---- Excerpted data
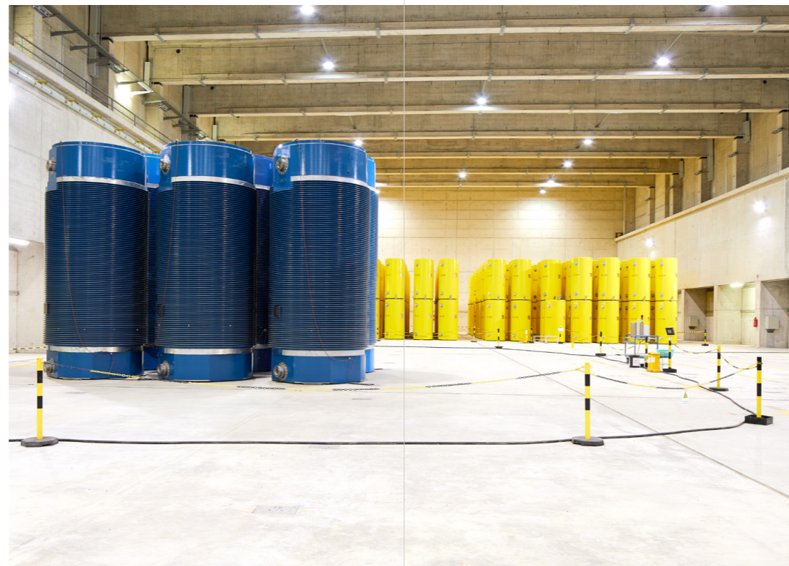
Blick in den Lagerbereich für hochradioaktive Abfälle

Für den Transport und die Zwischenlagerung von ausgedienten Brennelementen und Abfällen aus der Wiederaufarbeitung werden Behälter vom Typ CASTOR eingesetzt. Weltweit sind bereits über 1.500 CASTOR-Behälter beladen und eingelagert. Das technische Prinzip der Transport- und Lagerbehälter hat sich über Jahrzehnte bewährt: Die vom radioaktiven Inventar ausgehende Strahlung wird durch den Behälter sicher abgeschirmt. Die Behälter sind mit zwei Deckeln verschlossen. Dieses Doppeldeckelsystem garantiert den sicheren Einschluss des radioaktiven Inventars.
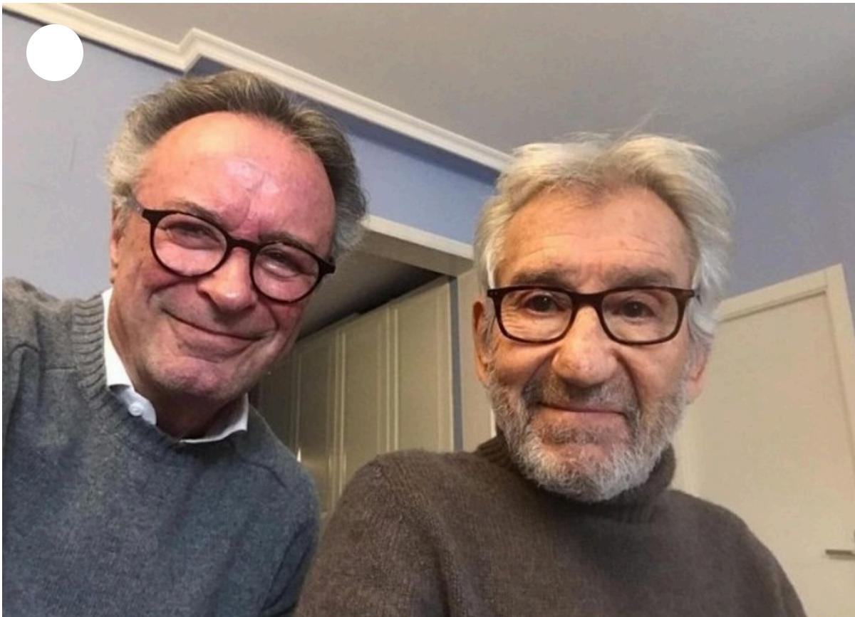
Oscar Martínez junto a José Sacristán

"¿Sabés? Algunos colegas me dicen que yo de joven ya decía que deseaba vivir en Europa. No recuerdo haberlo verbalizado fehacientemente, pero se ve que en algún lugar del bolillero estaba eso"
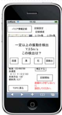
図3 バリア検出画面

⑥一定以上の角速度の変化を検出すると、図3のようなアラートポップアップが表示される。表示された選択肢の中に、段差、溝、石、誤検出の4項目が表示され、実際の状況にあったものを選択する。誤検出を選択した場合は記録されない。
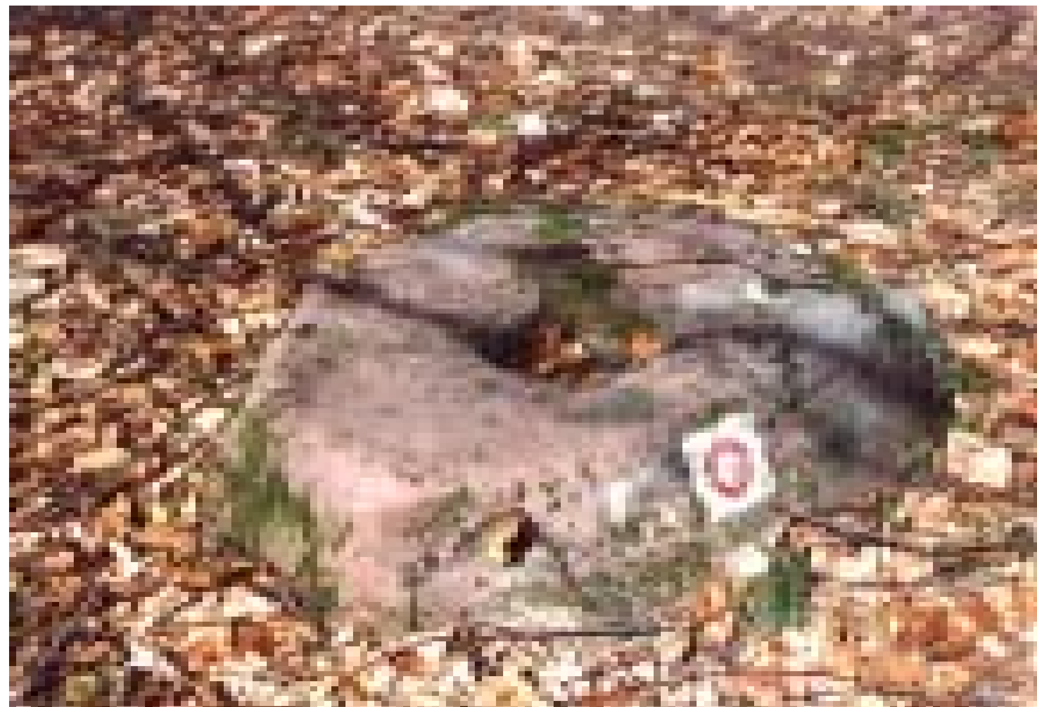
Die Waschschüssel der Frau Holle zwischen Heimbuchenthal und Krausenbach, vermutlich ein Tegelstein, in dem ein Bildstock verankert war.

Bei Tiefenstein erzählt man sich die Geschichte von den drei Handwerksburschen auf der Walz, denen Frau Holle im Wald begegnet und denen
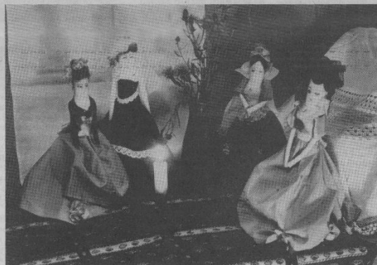
Эти куклы сделали дети. Они очень красивые, яркие и оригинальные, не похожие друг на друга. Жаль, что наши снимки не цветные.
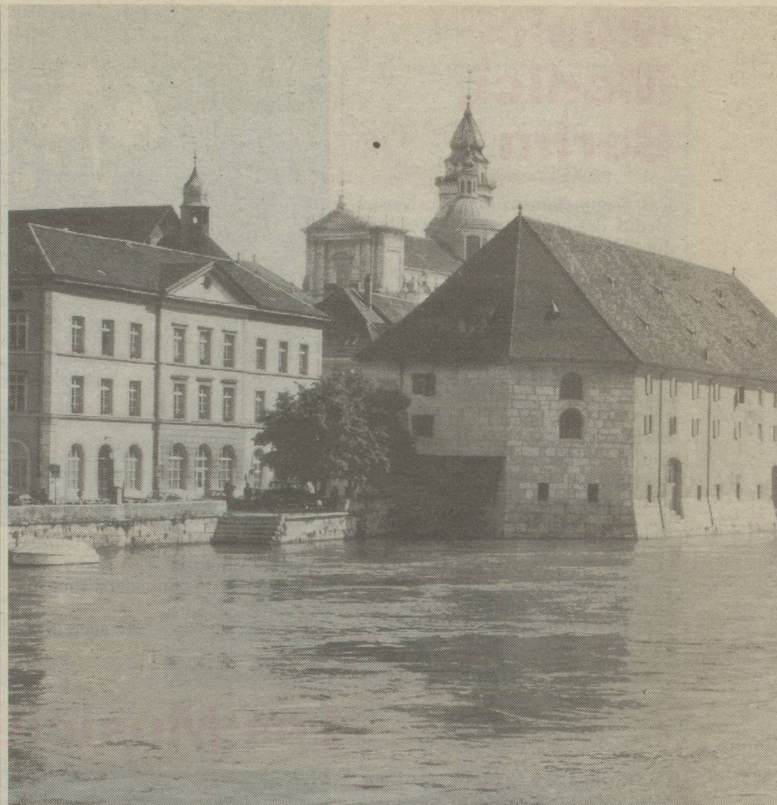
Auskunft, Informationen: Veranstaltungsbüro im Landhaus Solothurn, ab 13. Juni 1991, 14 Uhr. Telefon 065 - 23 41 05.
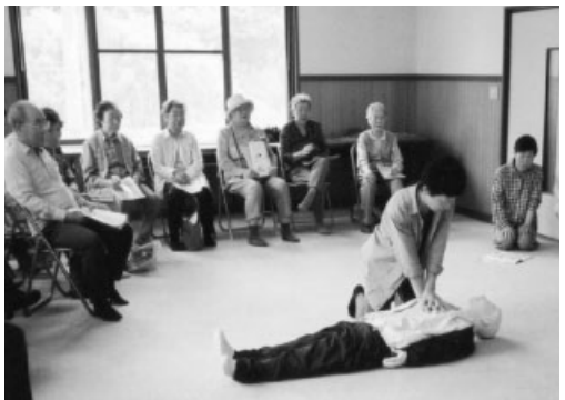
心肺蘇生法を学ぶ千手婦人消防隊の皆さん
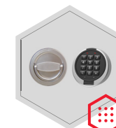
Elektronisches Kombinationsschloss Primor 3000 level 15
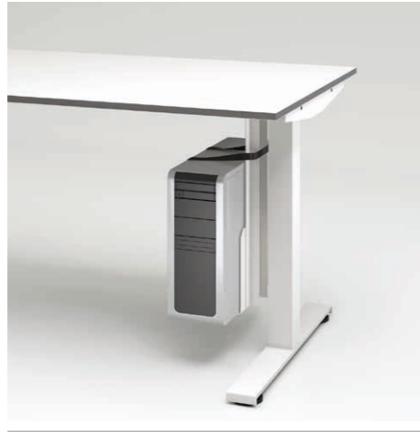
02 CPU-Halter innen montiert
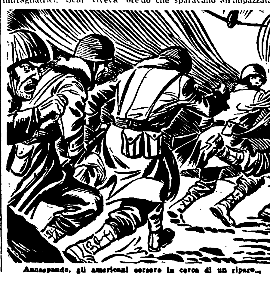
Anzappando, gli americani corsero in cerca di un riparo.
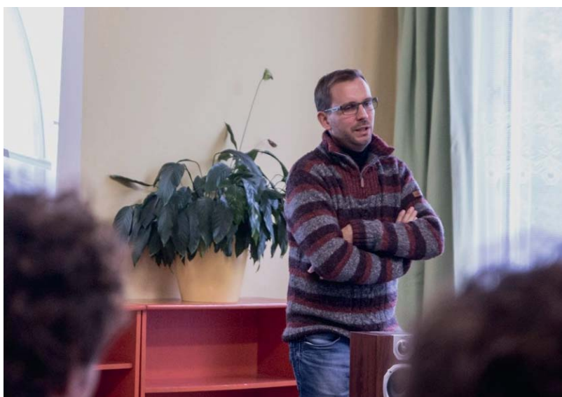
7. Školení prvních ročníků Ústavu hudební vědy FF MU, Křižanov 2018
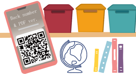
Table of Contents 目次
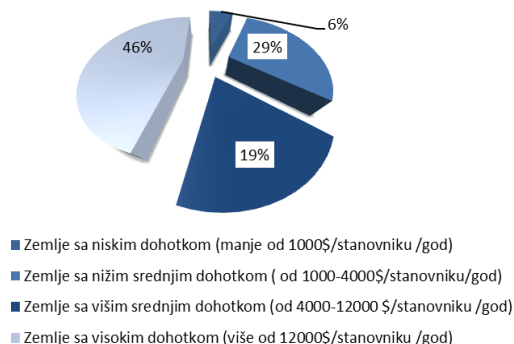
Slika 1. Procentualni udeo generisanja komunalnog otpada prema bruto nacionalnom dohotku [12]

Treba istaći da otpad u najvećoj meri sadrži organske materije (biorazgradiv otpad), u koje se ubraja hrana, baštenski otpad, tekstil, drvni i papirni proizvodi [1]. Sa promenom načina života, odnosno standarda, dolazi do promene količine i morfološkog sastava komunalnog otpada. Značajan uticaj na masu komunalnog otpada ima: stepen industrijskog razvoja, način stanovanja, socijalno okruženje, potrošnja energije za zagrevanje stanova, učestalost sakupljanja i odvoženja smeća, nivo životnog standarda, porast ukupnog broja stanovnika u gradu, kao i drugi sezonski, geografski i demografski faktori. I pored toga što se komunalni otpad smatra neopasnim, ovaj otpad ipak sadrži male količine potencijalno opasnih komponenti kao što su: sredstva za čišćenje, baterije, lekovi i dr. [2] Količina otpada se konstantno povećava, kao posledica naglog, ubrzanog rasta urbane populacije i rasta standarda u razvijenim zemljama, uprkos dramatičnim upozorenjima ekologa.
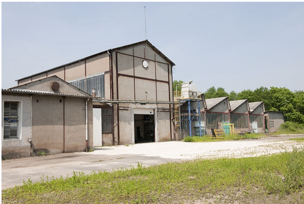
Pignons des ateliers de fabrication. Vue de trois quarts arrière.
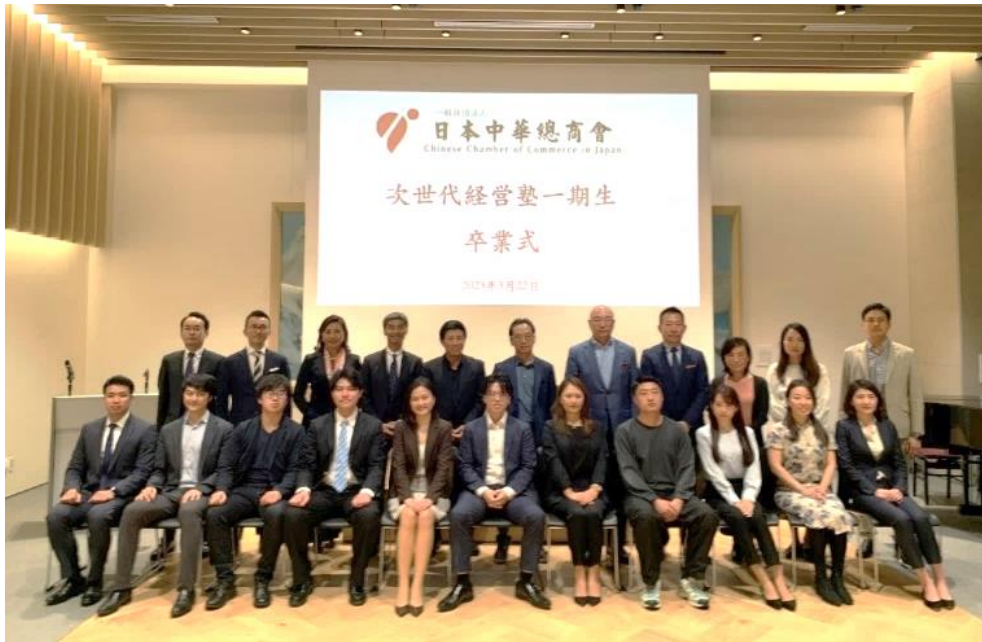
経営塾一期生卒業記念写真
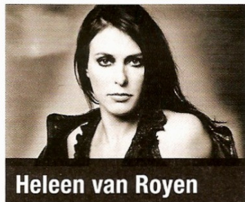
Heleen van Royen
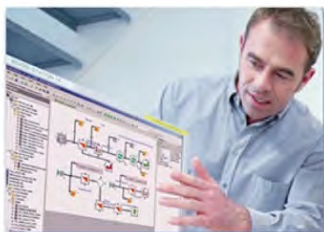
Soutien informatique 计算机支持
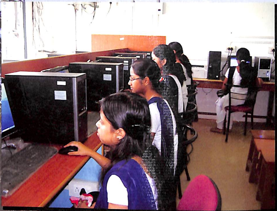
কলেজৰ সদাব্যস্ত কম্পিউটাৰ লেবৰেটৰী .....
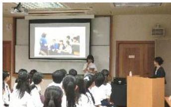
「京都市立高校グローバルリーダー育成研修」の報告風景

八月二十五日(金)に「京都市立高校グローバルリーダー育成研修」ならびに「トビタテ!留学JAPAN」の帰国報告会が、京都市総合教育センターで開催されました。
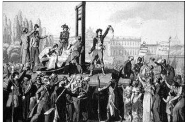
El Reinado del Terror.

“Los historiadores que tratan con este histórico evento usan comúnmente la frase ‘el terremoto de la Revolución Francesa,’ para describir las escenas de esa incomparable convulsión. Burke, en Inglaterra, tres años antes había pronosticado eventos en Francia como conduciendo hacia un ‘ terremoto en el mundo político. ’ Y al llegar, Alison, el historiador, dice: ‘Las mentes de los hombres quedaron sacudidas como cuando el suelo se abre durante la furia de un terremoto. ’ ” Burnside, RWU, 136-137.
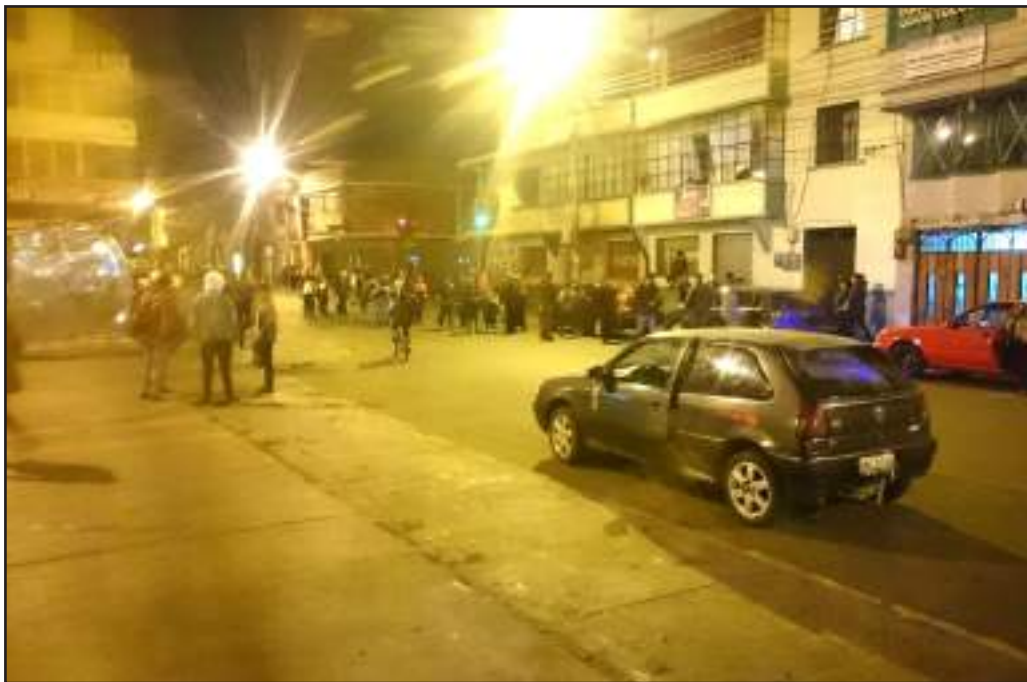
► Instantes en que un grupo de manifestantes paraban a vehículos en La Dolorosa.

Ciudadanos se encuentran intranquilos por la presencia de grupos de personas que fuerzan a cerrar los negocios. Temen que se sigan registrando hechos violentos en Riobamba.
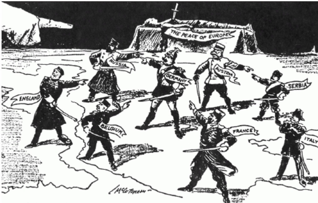
bron 1 – een prent door John McCutcheon (1914).
--------
> **Exercise goal**: Reproduce the data above exactly, but only from the line containing "Soutien informatique 计算机支持" through the line containing "Burnside, RWU, 136-137."; skip the pictures.

> **Output for this exercise**:
Soutien informatique 计算机支持
কলেজৰ সদাব্যস্ত কম্পিউটাৰ লেবৰেটৰী .....
「京都市立高校グローバルリーダー育成研修」の報告風景

八月二十五日(金)に「京都市立高校グローバルリーダー育成研修」ならびに「トビタテ!留学JAPAN」の帰国報告会が、京都市総合教育センターで開催されました。
El Reinado del Terror.

“Los historiadores que tratan con este histórico evento usan comúnmente la frase ‘el terremoto de la Revolución Francesa,’ para describir las escenas de esa incomparable convulsión. Burke, en Inglaterra, tres años antes había pronosticado eventos en Francia como conduciendo hacia un ‘ terremoto en el mundo político. ’ Y al llegar, Alison, el historiador, dice: ‘Las mentes de los hombres quedaron sacudidas como cuando el suelo se abre durante la furia de un terremoto. ’ ” Burnside, RWU, 136-137.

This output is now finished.